Eton Psychos

Wieder einmal kann man nur mit Neid auf andere Länder blicken, in denen politische Skandale ein ungleich höheres Unterhaltungsniveau haben. Christian Wulff langweilte uns mit seiner kleingeistigen Liebedienerei im Umgang mit der Bourgeoisie – eine halbe Bratente oder ein Bobby Car für kleine Gefälligkeiten. Erbärmlich. Ganz anders die Briten, die seit Wochen angeregt darüber debattieren, ob Premierminister David Cameron in seiner Studentenzeit bei einer Party »a private part of his anatomy« in das Maul eines toten Schweins gesteckt hat. Das regt die Phantasie an, man denkt an wüsten Sex, hektoliterweise Champagner und Unmengen Kokain. Allerdings ist die Geschichte vielleicht nur eine Erfindung. Sie stammt aus einer von Lord Ashcroft in Auftrag gegebenen Biographie. Der Lord hat Camerons Kar­riere mit viel Geld und Mühe gefördert, wurde dann aber bei der Verteilung hoher Posten übergangen. Sollte Piggate eine Erfindung sein, müsste man Ashcroft zu der brillanten Racheidee beglückwünschen. Denn die Geschichte ist so bizarr, dass sie im Gedächtnis haften bleibt. Es wird interessant sein zu beobachten, ob die Kollegen beim nächsten EU-Gipfel ihre Mimik kontrollieren können, und noch in Jahrzehnten wird Cameron immer das Gefühl haben, dass man hinter seinem Rücken grinst und sich »oink, oink« zugrunzt.

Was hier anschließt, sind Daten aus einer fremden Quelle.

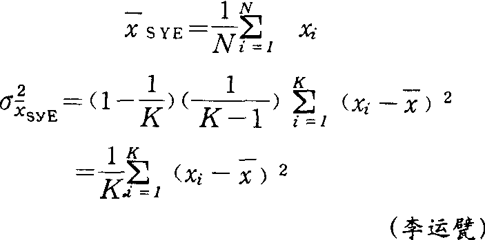 依次类推,直排到N为止。对号码1,2,3,……,K作随机抽样(只抽1个),若i入样,则K+i,2K+ i等皆入样(见随机抽样)。N个个体不一定恰好是K的整数倍,则各列个体数量后会有一行少于K,但当各列个体数超过50时(即N/K≥50),这个差可以略而不计。本抽样估值法(简记为SYE)为:
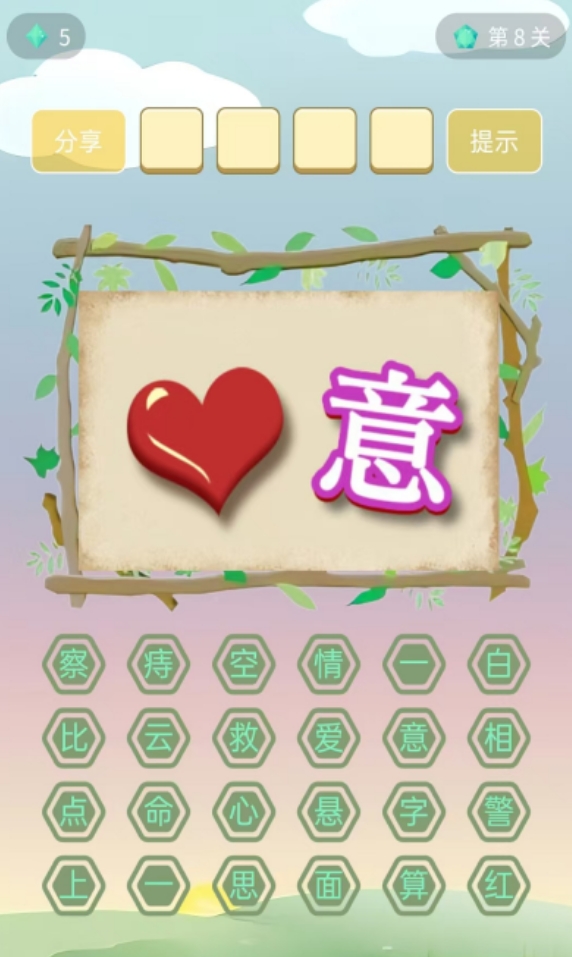 这部游戏的玩法非常简单易懂,每道关卡都会出现图片或文字作为谜面,只要解开谜面并从关卡给出的文字里组出正确的成语即可。游戏是以闯关的形式进行的,只有解开了上一题后,才能进入下一关继续挑战。当然,它也为各位设计了提示功能,如果玩家迟迟猜不出游戏所给出的谜题,也可使用一次提示机会来直接看答案。

Ein wenig Schadenfreude sollte dem Bürger in diesen düsteren Zeiten gegönnt werden. Die Voraussetzung dafür ist allerdings, dass sich das politische Establishment überwiegend aus einer exklusiven Kaste der Oberschicht rekrutiert und das auch mehr oder weniger offen zugibt. Denn nur so kann sich die Legende halten, in den angesagten Studentenverbindungen passierten Dinge, die Elagabal vor Neid erblassen ließen. Der Wahrheit entspricht das wohl nicht, so wird von den Partys berichtet, sie unterschieden sich vor allem dadurch von gewöhn­lichen Techno-Events, dass die Dealer mehr Geld für die Drogen nehmen. Zweifellos aber huldigt diese »Elite« dem Standesdünkel, dass es erniedrigende Aufnahmerituale gibt, ist daher wahrscheinlich. Das ist der beunruhigende Aspekt. Denn falls Cameron es getan hat – bemerkenswerterweise gibt es in Großbritannien niemanden, der dies für ausgeschlossen hält –, dann, wie »American Psycho« Patrick Bateman sagt, »because I want to fit in«: Anpassung an die Standesregeln, Verzicht auf eigenständiges Denken und Handeln, Empathielosigkeit, strikte Abgrenzung nicht nur nach unten, sondern auch gegenüber dem wirklichen Leben im Allgemeinen, verbunden mit einem Hauch von Sadismus, nicht als Spielart der Lust, sondern als Mittel zum Zweck: immer oben bleiben. Auch vermeintlich verruchte Partys sind nur für den Status absolvierte Pflichtübungen, bei denen man sich nicht wirklich amüsiert. Aber das war wohl schon bei Elagabals Orgien so.